Earle was cross-examined and recross-questioned, but he told the same story every time, never swerving in a single particular from his first statements.
Every possible way was tried to make him confess who his accomplices were, the opposing counsel maintaining that he must have had one or more. But he always replied:
“I had no accomplice, for I have neither planned nor executed any robbery.”
“But you assert that two men came out of the house.”
“I encountered two men at the corner of Mr. Dalton’s house; one I surprised and felled to the ground, and then grappled with the other. During the scuffle the first one got up and ran off with the bag which contained their booty. I then received a blow which stunned and felled me, and when I came to myself again both were gone. I know nothing of either them or their plunder, and I am innocent of any complicity in the matter.”
But all was of no avail against the positive evidence which opposed him, and the fatal verdict was spoken, the fearful sentence pronounced.
Popular sympathy inclined strongly toward the unfortunate young man, whom many knew and respected for his hitherto stainless character, while his appearance, so noble and manly, prepossessed almost every one in his favor.
As before stated, he had come to Richard Forrester when a youth of seventeen, asking for work, and the great lawyer had employed him as an office boy, and it was not long before he came to feel a deep interest in the intelligent lad. He saw that he had what lawyers term “a long head,” and could grasp all the details of a case almost as readily as he himself could, and he resolved that he would educate him for the profession.

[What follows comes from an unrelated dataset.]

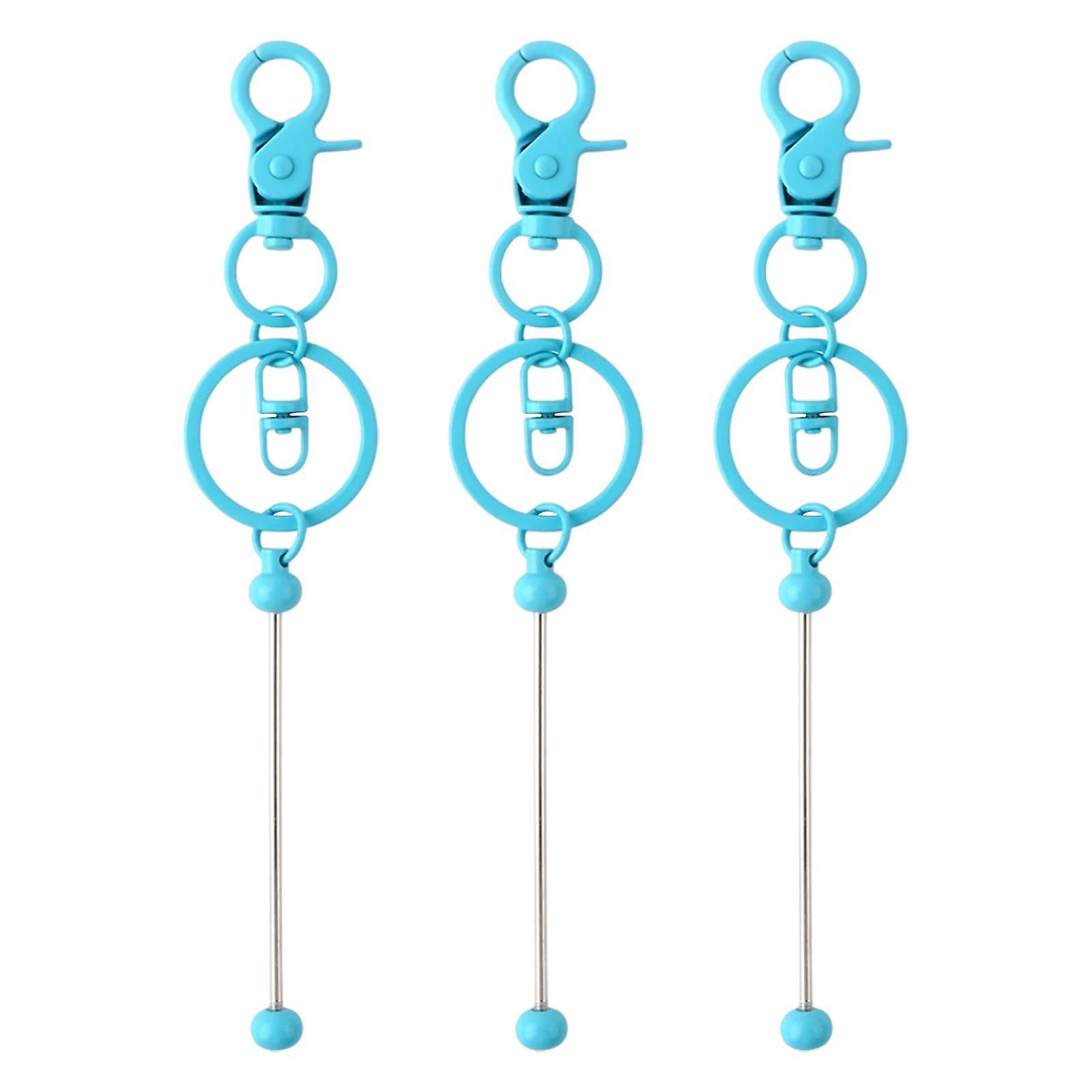3Pcs Beaded Keyring Bars Crafting DIY Keychain Making for Family Kids Friend pink

Mr. Forrester was a bachelor of great wealth, and exceedingly fond of his beautiful and vivacious niece, Editha Dalton, who, report said, was to be his heiress.
She was a slight, sprightly girl of fourteen when Earle Wayne came into her uncle’s employ, and a mutual admiration sprang up between them at once, and steadily increased, until, on the part of the young man, it grew into a deep and abiding love, although he had never presumed to betray it by so much as a look or tone.